Manohla Dargis’s article prompts me to think about filmmaker Justin Lin. Lin’s young film career is characteristic of the studio-indie age before its current malaise. Lin went to great lengths, personal sacrifice and debt to make his solo debut feature film, Better Luck Tomorrow, a film that premiered at the 2003 Sundance Film Festival to critical acclaim, a distribution deal with MTV Films and eventually, work as a director for studios such as Universal Pictures and Touchstone Pictures. My interest in Lin lies not in discussing his merits as a filmmaker. Rather, I am interested in how Lin’s trajectory embodies a set of digital age D.Y.I. generational tactics and strategies that emerged in a tradition of American cinema that has rarely found studio traction during independent cinema’s Hollywood bubble: Asian American cinema. After Lin made his Hollywood films, Annapolis (2006) and The Fast and the Furious: Tokyo Drift (2006), he returned to the world of the independent cinema to make the film, Finishing the Game (2007). The promotional campaigns for Better Luck Tomorrow and Finishing the Game embody the practices of digital age independent cinema culture discussed by Dargis, but Lin’s strategy is both unique and instructive, I suggest, for its form of Asian American political and cultural engagement. The strategies behind Lin’s films reveal aims that went beyond simply “breaking out” as most independent films aspire to do. Instead, Lin’s films became platforms for community organizing and engagement that sought to impact the meaning of Asian America in American film history and popular culture.

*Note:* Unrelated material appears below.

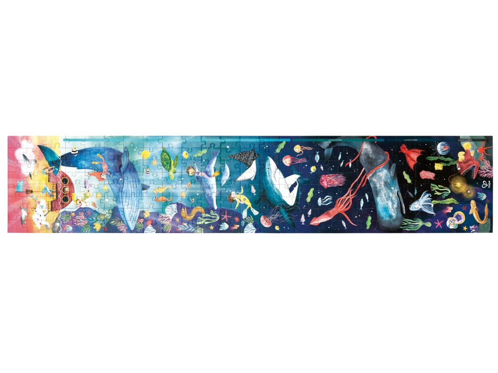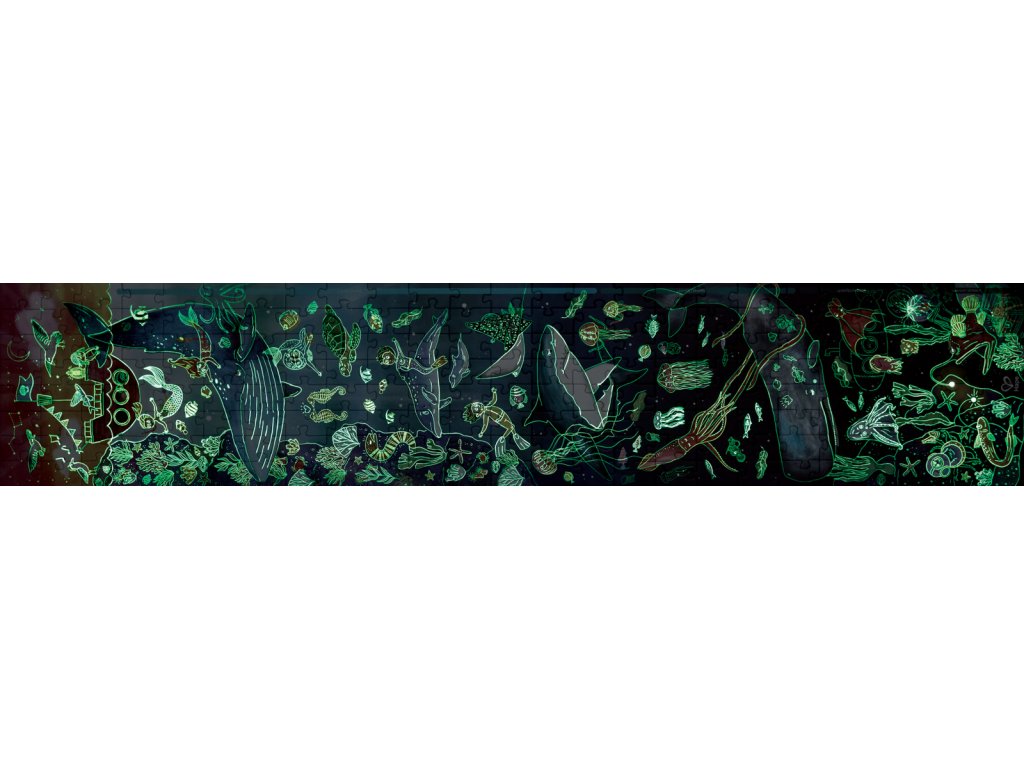 Vklouzněte pod vlny oceánu a navštivte své oblíbené mořské tvory s tímto nádherným podlahovým puzzle. S 200 kusy, které svítí, když jsou světla zhasnutá! Obsahuje 10 karet se zábavnými fakty o mořských tvorech! Balení: 18x6x48cm. Věk: 6+

To be sure, both films are notable for how they critically explore race and representation and both took refuge in the lean, but creatively free world of independent cinema. Better Luck Tomorrow tells the story of a group of high school students who use their status as academic overachievers to mask and enable their illicit activities. Finishing the Game is a mockumentary about the search for an actor to replace Bruce Lee after his unexpected death during the filming of Game of Death (1978). When considered through the lens of Asian American representation, each film becomes a provocative commentary on stereotypes, genre and cinema. As non-studio productions, Lin maintained a creative commitment to an Asian American agenda that included, among other objectives, introducing a range of multi-dimensional Asian American characters and showing how Asian America is a commercially viable audience and source of cinema. This creative independence and ethical imperative became inter-articulated with the political and cultural tactics behind the digital D.Y.I. promotional campaigns for the films. I want to save a fuller discussion of Justin Lin for another time and focus on just some of the practices that emerged from Lin’s films. My tack in exploring this topic is to study selected new media activities as part of a larger example of Asian American community organizing and political engagement in the digital age. In this regard, Lin is a pioneering figure.